Fate Of Radio Pasifik In Limbo

Published: Wed 5 Apr 2000 09:15 AM
By Peter Emberson
Journalism student of the University of the South Pacific
SUVA: The fate of Radio Pasifik, the University of the South Pacific's student FM radio station, hangs in the balance as the student leadership wants to pull out.
Student and staff groups keen to keep the 88.8 FM radio open are rallying for support.
It is believed that USP's Media Centre and the journalism programme are considering "rescue" proposals linked to USPNet2000.
Vice-Chancellor Esekia Solofa told the journalism training newspaper Wansolwara he was disappointed that the USP Students Association was "even thinking about" severing ties with the station.
Solofa said he had a personal interest in making the station a success.
But he added that the main reason behind its establishment was to give USPSA and the students an asset to identify as their own - a focal point for cooperation.
"If the students don't value that, then we will have to look for other avenues in which to put this valuable facility to use."

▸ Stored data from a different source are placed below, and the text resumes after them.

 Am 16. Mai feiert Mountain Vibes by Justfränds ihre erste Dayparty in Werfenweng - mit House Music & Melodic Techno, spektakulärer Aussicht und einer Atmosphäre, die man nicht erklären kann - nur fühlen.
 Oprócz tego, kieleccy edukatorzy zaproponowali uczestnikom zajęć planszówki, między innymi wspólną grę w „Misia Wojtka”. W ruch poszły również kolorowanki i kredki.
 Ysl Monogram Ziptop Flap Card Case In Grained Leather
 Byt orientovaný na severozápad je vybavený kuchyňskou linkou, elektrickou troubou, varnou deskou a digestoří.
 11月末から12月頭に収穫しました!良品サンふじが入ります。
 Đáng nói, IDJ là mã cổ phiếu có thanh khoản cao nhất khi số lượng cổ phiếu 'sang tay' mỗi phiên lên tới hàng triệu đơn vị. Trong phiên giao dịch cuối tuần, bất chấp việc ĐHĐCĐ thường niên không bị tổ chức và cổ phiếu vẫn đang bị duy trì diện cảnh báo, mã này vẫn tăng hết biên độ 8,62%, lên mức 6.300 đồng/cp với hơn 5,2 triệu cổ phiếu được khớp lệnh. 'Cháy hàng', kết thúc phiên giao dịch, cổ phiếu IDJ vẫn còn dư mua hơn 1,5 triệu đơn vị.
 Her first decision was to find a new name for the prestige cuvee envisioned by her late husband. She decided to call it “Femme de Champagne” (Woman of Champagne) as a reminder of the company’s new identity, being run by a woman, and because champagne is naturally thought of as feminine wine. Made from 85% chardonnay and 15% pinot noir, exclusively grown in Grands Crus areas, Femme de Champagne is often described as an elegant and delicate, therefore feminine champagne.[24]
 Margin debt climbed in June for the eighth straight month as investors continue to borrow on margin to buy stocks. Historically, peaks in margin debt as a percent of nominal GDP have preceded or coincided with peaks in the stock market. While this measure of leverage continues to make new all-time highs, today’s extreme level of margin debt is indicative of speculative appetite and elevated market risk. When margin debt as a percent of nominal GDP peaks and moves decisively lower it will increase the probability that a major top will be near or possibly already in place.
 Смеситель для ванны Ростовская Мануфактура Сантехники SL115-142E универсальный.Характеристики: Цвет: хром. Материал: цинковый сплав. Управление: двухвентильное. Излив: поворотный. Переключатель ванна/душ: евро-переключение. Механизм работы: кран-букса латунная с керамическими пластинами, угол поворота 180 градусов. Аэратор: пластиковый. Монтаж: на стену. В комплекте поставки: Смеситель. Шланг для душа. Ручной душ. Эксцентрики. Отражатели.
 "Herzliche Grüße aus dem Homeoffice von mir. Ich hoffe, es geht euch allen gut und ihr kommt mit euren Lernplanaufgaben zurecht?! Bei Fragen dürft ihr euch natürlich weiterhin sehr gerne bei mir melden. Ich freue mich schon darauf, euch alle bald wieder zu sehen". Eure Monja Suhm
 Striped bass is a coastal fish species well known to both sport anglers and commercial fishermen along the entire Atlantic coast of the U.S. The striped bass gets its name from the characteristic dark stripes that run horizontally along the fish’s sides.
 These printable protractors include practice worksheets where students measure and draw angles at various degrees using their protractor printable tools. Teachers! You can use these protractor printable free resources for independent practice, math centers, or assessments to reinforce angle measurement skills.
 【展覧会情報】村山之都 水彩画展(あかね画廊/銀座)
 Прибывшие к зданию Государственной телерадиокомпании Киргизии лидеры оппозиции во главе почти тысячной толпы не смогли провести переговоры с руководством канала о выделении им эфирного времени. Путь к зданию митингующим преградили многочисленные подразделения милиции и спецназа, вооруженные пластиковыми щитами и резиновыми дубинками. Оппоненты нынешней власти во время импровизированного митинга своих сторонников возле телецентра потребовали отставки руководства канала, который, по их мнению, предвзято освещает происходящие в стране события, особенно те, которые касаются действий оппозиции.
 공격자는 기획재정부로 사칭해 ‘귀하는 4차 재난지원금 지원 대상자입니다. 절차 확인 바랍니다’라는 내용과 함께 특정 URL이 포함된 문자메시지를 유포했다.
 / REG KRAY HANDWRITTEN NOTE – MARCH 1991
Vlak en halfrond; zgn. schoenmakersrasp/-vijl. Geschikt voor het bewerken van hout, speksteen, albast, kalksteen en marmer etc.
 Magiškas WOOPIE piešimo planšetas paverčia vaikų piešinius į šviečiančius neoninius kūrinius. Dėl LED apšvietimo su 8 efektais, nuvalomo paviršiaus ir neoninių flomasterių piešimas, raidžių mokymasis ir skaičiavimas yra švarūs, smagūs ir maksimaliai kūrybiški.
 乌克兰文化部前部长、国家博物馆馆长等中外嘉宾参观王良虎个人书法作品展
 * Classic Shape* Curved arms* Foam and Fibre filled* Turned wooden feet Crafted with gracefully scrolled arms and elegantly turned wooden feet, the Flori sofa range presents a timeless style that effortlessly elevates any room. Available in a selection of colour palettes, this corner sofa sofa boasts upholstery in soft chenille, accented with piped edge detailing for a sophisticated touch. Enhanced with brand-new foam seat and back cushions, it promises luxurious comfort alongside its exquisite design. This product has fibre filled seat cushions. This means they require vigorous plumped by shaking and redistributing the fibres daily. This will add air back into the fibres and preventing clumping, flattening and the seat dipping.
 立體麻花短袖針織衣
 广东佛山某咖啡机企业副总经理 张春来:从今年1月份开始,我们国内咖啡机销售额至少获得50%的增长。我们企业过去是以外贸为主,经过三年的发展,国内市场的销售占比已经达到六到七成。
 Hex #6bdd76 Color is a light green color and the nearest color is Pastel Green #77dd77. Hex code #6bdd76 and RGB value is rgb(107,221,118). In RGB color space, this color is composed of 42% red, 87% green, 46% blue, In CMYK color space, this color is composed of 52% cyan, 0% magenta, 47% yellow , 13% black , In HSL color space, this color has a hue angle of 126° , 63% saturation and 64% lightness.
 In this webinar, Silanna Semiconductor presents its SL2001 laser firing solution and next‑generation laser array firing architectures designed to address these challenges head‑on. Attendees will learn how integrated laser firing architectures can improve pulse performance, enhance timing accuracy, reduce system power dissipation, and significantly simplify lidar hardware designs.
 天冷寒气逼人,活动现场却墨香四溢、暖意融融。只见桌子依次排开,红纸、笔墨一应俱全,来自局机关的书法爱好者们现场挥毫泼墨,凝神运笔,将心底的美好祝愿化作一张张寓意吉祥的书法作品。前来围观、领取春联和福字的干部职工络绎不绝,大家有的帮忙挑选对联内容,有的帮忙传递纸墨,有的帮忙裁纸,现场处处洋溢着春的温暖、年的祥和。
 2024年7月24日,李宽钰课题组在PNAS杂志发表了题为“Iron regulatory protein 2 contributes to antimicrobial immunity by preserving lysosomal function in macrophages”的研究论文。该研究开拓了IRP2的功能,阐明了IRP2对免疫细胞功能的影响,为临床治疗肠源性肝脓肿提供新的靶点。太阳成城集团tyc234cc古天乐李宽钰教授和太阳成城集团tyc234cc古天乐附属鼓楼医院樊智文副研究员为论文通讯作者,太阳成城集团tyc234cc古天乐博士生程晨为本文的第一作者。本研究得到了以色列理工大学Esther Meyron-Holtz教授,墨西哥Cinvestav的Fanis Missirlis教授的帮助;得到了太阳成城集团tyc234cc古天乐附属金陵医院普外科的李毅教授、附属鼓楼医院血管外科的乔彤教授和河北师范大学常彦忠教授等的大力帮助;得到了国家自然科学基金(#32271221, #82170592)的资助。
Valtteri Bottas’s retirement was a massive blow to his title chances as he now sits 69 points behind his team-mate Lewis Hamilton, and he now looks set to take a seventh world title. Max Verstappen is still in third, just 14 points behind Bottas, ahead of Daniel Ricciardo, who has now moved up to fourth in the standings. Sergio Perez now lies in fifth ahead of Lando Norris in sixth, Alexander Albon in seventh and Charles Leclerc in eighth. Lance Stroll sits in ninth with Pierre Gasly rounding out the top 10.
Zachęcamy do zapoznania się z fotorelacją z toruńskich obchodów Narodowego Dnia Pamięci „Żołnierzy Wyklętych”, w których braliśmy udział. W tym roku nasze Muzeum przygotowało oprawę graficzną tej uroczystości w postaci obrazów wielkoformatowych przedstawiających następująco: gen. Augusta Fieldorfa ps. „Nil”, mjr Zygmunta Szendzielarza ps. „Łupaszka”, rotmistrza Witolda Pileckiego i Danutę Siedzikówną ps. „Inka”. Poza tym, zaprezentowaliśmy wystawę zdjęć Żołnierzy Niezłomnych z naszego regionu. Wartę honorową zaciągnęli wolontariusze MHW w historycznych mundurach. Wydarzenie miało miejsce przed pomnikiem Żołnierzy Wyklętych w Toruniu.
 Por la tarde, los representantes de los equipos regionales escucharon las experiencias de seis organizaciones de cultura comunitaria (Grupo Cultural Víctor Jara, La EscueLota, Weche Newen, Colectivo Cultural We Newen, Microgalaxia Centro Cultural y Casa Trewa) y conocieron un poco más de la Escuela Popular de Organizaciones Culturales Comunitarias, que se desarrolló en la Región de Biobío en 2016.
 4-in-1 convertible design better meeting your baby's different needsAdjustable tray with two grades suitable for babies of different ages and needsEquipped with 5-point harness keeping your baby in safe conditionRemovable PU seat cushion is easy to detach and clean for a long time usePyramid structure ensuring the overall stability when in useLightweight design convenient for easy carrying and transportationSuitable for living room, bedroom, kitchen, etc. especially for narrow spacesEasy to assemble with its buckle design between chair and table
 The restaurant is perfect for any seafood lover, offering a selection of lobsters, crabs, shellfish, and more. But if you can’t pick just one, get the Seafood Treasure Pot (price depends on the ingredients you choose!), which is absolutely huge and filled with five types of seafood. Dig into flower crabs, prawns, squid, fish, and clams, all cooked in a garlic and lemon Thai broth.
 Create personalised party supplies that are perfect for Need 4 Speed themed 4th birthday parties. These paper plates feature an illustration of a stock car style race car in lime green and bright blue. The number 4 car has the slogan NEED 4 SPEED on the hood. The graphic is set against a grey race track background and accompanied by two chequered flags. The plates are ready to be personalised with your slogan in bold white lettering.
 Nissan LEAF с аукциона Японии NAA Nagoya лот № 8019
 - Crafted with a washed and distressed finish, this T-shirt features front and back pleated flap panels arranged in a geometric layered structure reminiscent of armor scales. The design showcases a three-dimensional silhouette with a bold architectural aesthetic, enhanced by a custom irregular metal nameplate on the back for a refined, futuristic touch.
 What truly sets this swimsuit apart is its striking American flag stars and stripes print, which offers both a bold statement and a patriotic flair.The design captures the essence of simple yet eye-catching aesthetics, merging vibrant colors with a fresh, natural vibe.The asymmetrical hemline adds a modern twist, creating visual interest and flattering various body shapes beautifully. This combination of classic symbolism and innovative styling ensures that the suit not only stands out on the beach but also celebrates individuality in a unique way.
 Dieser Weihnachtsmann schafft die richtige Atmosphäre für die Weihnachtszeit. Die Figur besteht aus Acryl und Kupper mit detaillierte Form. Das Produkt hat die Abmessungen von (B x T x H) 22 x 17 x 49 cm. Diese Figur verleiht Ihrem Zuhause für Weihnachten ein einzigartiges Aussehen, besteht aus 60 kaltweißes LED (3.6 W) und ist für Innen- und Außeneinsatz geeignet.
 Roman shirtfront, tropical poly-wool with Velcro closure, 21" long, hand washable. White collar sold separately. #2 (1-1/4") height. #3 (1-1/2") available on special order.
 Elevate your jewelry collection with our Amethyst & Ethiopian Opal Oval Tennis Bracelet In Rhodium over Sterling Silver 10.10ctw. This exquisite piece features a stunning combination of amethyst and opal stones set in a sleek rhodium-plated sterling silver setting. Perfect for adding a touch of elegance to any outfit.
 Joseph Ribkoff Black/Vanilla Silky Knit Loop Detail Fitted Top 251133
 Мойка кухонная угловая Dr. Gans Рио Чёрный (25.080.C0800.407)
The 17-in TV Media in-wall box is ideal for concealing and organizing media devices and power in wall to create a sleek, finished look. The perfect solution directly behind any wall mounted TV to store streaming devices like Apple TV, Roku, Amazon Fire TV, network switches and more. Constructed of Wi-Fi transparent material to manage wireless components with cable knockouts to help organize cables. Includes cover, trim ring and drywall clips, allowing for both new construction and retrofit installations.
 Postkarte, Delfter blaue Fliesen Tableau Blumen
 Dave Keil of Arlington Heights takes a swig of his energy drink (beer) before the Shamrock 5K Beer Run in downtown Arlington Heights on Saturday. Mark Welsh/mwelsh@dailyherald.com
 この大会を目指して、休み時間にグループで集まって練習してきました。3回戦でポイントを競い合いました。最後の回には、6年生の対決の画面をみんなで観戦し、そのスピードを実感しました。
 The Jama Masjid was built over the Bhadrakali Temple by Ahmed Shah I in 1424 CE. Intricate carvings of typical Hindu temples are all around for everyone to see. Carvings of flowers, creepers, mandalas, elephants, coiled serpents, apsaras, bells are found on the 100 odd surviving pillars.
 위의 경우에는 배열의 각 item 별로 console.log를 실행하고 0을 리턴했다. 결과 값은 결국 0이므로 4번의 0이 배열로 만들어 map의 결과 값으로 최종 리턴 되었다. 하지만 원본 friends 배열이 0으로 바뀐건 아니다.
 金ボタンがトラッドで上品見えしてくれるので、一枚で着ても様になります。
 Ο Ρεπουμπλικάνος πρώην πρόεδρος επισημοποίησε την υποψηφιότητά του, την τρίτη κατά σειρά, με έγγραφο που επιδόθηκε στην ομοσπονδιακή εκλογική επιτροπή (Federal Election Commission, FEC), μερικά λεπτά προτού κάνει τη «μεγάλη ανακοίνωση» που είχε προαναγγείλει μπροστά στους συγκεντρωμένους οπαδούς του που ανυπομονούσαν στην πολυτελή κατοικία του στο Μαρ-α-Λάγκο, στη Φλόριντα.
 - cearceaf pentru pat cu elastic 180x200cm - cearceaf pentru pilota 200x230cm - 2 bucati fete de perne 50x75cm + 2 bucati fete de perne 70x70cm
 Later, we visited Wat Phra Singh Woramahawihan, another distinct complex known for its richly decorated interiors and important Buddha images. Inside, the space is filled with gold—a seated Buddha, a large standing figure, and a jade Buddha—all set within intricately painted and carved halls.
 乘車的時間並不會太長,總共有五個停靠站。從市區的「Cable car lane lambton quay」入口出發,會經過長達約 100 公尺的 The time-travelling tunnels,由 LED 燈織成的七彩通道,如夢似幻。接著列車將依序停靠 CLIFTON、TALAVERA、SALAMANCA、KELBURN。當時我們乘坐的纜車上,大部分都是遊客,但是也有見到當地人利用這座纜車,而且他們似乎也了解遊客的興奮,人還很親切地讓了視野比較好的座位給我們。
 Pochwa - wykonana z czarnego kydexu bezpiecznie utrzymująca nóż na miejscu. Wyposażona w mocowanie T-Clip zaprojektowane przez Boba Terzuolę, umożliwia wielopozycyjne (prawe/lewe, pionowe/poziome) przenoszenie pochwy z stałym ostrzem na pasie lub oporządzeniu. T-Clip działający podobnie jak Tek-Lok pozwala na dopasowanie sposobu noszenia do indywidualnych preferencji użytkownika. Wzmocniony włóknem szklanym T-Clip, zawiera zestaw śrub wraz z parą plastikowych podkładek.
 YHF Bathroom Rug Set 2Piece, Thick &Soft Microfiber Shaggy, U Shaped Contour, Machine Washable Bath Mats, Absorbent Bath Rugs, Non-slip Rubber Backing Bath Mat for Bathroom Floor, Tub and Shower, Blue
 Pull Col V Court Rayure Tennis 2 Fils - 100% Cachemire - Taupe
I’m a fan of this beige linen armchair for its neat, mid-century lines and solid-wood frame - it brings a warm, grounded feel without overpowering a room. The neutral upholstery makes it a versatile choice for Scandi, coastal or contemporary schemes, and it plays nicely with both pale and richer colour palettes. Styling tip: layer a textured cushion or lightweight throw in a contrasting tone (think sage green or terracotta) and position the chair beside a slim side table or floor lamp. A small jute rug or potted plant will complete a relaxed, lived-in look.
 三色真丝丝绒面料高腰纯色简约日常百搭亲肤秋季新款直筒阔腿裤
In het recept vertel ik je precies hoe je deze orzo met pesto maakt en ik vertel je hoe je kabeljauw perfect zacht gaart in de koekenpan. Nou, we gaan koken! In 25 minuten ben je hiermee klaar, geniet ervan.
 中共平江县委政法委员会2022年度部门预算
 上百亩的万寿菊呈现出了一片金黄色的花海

The four-year-old radio station was originally set up by the USPSA as a student initiative.
Steering the attempt to have the station closed down is student president Veresi Bainivualiku - a former Radio Fiji journalist.
He said the station should close as a cost-cutting move and because the radio failed to serve the students on campus.
The USPSA pays $12,000 a year to the university's Media Centre to manage the station.
Late last month, a USPSA meeting was called with the future of the radio station on the agenda.
Secretary Graham Kalmar circulated a letter to the Media Centre and the journalism programme, saying: "As we do not have the expertise or the appropriate knowledge and skills to run the radio station, the new officers are of the view that USPSA should relinquish responsibility in Radio Pasifik."
Representatives of the Media Centre and journalism programme attended the March 17 meeting.
However, the president did not attend the meeting and a proposed resolution was postponed.
Media Centre director Gerald Farkas told the March 17 meeting that after the first year of the radio station's operation, enthusiasm among students "started to wane" - especially close to exam week.
Farkas said the $12,000 paid by the USPSA was "far too little". Often the Media Center was left to shoulder extra running costs.
Senior radio producer Pat Craddock said the radio station was a "great resource and it would be a terrible shame to lose it".
"Around the world many people are frantically trying to get a radio station and they can't because all the airwaves are choked," he said.
Craddock said he believed the radio station could relay its regional news to the USP campuses by the USPNet satellite.
"This would make the station a real regional one rather than just a Laucala campus radio."
Wansolwara was unable to get further comment by the USPSA president.